For more than 50 years, The Rockefeller Foundation has hosted leading practitioners from around the globe at our conference center in Bellagio, Italy to build and mobilize alliances of diverse stakeholders around a shared vision, empowering widespread collaboration, innovation and action; and enabling mutual accountability for progress. In the Spring of 2020, we for the first time closed the doors to our Bellagio Center, as it was in the epicenter of an initial Covid-19 outbreak. Closing Bellagio has meant many lost opportunities for leaders from across the globe to convene, connect, create, and work towards greater prosperity for all through new partnerships and collaborative action.
Recognizing the important role that Bellagio could play in ending the current pandemic and shaping the future, we decided to re-open the center following strict Covid-19 health and safety protocols in August of 2021. The initial cohort of residents included poets, scientists, public servants, nonprofit leaders, academics and artists. Over the course of their residencies, they have worked on individual projects that are diverse in subject matter but aligned in a common goal to advance ideas and actions that matter and can help build a stronger, more sustainable and equitable world.

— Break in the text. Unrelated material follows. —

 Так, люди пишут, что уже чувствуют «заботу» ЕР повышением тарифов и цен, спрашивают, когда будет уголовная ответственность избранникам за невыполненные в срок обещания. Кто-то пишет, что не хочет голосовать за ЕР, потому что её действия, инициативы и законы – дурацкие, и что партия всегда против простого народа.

Dr. Saleem Ali is part of the first returning cohort. He is an expert on environmental policy working on a project about the causes and consequences of environmental conflict and its impact on peacebuilding. During his residency, he wrote this beautiful piece in Springer Nature that captures the magic of Bellagio and the power of bringing people together to advance transformative ideas and action.
As Dr. Ali’s article testifies, Bellagio has been a pathway to transformative ideas and action, especially because of the unique opportunities to:
- Integrate multiple voices to lead to more productive, well-rounded solutions
- Experiment by connecting and considering diverse experiences and options
- Build trust through physical and personal connections on a walk, over a meal, or by sharing a recipe as the poet Maya Angelou did with a Bellagio Center chef
- Take time to create, decide, and build as the Bellagio convening journey did to create CGIAR which now has over 60 donors providing more than $450 million dollars per annum of annual support for 15 research centers and field presence in 108 countries.

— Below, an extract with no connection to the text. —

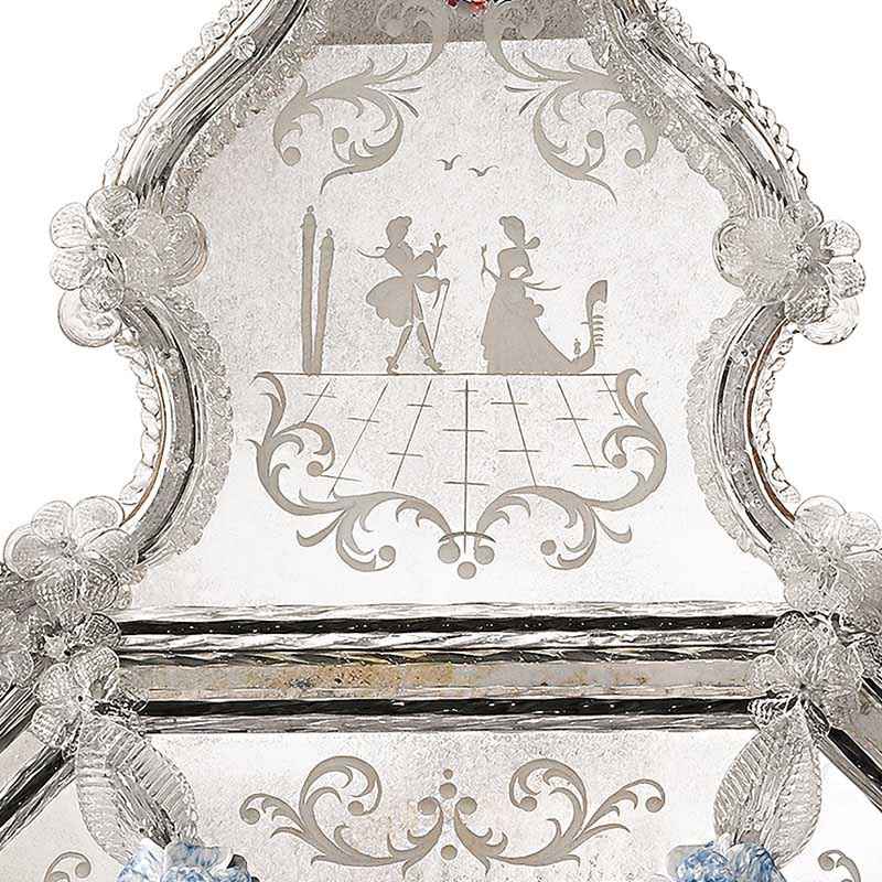 Refined Venetian mirror XVII Century hand-etched with grinding wheels and application of roses in multicolour glass-paste on massive antiqued wood backboard.

A perfect example of the magic of Bellagio is a 1994 seminal convening that was instrumental in the creation of the International AIDS Vaccine Initiative (IAVI). As Seth Berkeley, the former president and CEO of the International Aids Vaccine initiative, noted of the convening “[as people] walked through the garden and gazed across the lake, they became inspired to move beyond their normal limits…By the second day big daring ideas were emerging, and by day three participants had concluded that a bold new initiative was necessary.”
Dr. Ali and Dr. Berkeley remind us that breakthroughs are the product of collaborative action, made more possible by the unique attributes of Bellagio. In a time in dire need of collaborative action and breakthroughs, Bellagio’s doors are open, here to do its part convening leaders and innovators to solve the world’s most pressing challenges.